▸ **What is needed**: Copy word for word the lines in the records below, starting at the line with "GUCCI GG Jacquard" and ending at the line with "niños le dieron". Skip the pictures.

▸ **Material to process**:
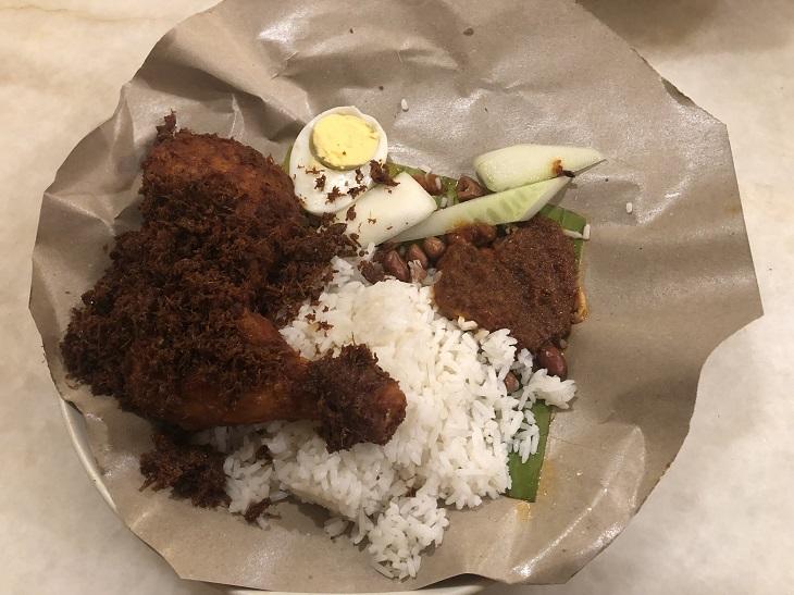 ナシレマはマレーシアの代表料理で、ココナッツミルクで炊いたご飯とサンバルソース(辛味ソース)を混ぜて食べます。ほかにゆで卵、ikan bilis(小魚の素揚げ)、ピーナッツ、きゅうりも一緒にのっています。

...

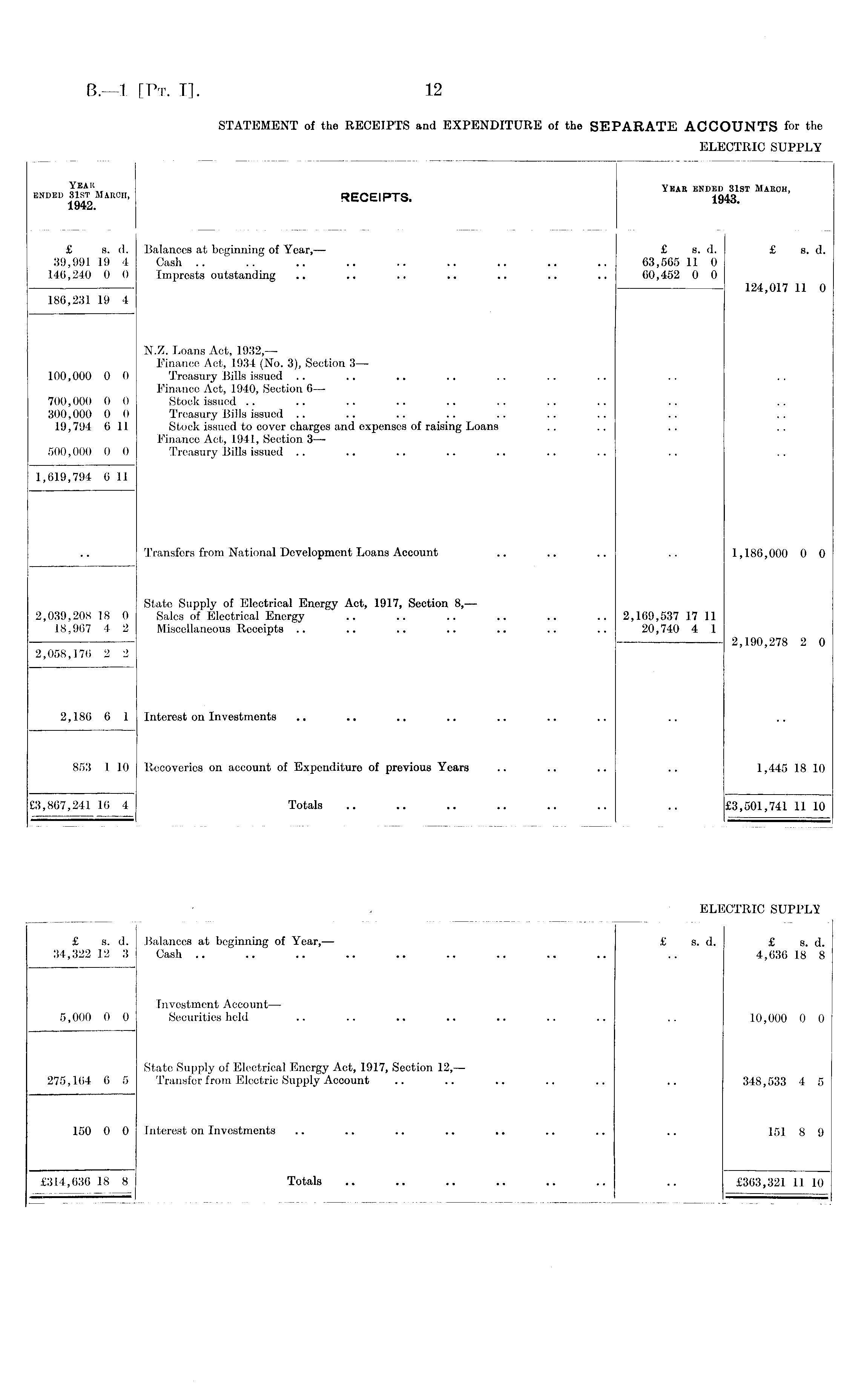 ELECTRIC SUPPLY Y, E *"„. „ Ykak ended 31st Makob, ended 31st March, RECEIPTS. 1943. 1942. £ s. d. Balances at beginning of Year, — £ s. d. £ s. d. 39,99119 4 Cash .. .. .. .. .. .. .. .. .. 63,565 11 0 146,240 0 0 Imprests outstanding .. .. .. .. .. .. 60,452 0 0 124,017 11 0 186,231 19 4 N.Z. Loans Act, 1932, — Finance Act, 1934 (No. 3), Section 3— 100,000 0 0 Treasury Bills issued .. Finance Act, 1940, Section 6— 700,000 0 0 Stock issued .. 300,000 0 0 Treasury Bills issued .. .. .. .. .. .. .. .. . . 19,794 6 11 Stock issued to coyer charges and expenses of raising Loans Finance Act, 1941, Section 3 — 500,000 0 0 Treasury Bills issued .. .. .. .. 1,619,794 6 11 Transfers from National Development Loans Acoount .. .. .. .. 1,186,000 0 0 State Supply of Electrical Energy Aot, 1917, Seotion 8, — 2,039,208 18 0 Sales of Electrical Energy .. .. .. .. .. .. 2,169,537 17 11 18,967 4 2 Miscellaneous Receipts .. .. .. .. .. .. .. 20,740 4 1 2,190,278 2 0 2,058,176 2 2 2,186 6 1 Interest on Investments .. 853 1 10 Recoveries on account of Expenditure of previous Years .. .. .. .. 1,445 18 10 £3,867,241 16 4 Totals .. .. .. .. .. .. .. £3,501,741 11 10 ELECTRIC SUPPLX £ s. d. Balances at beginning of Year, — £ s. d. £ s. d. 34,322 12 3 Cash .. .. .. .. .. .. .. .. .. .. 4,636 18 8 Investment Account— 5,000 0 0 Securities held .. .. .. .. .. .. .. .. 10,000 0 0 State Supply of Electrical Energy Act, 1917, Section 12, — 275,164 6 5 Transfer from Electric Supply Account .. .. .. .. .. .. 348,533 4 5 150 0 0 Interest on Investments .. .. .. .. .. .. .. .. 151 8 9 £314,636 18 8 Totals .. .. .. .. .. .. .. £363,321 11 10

...

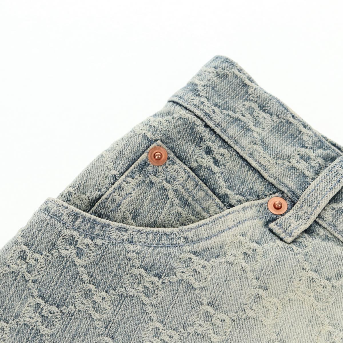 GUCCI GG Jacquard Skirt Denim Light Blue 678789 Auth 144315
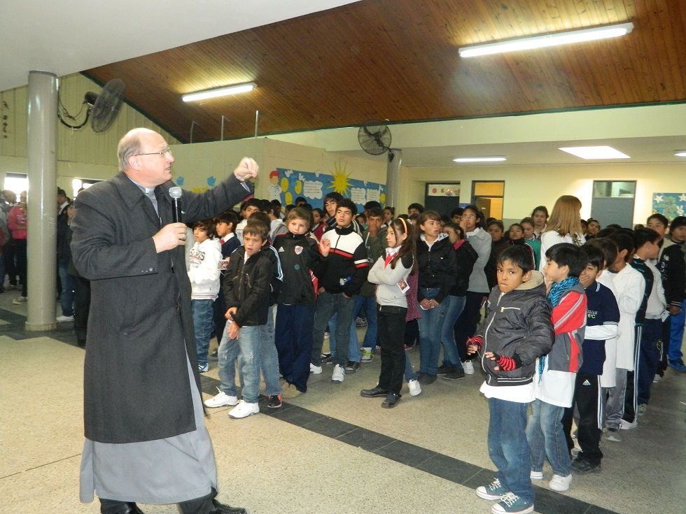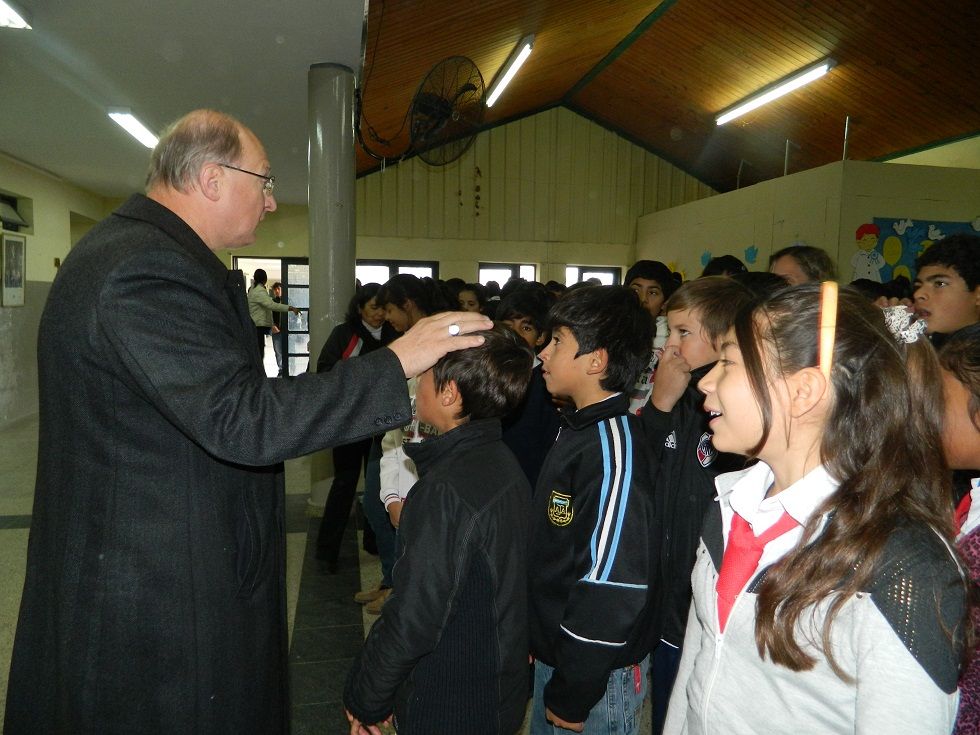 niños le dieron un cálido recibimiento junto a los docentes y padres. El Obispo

▸ **Worked solution**:
 GUCCI GG Jacquard Skirt Denim Light Blue 678789 Auth 144315
 niños le dieron un cálido recibimiento junto a los docentes y padres. El Obispo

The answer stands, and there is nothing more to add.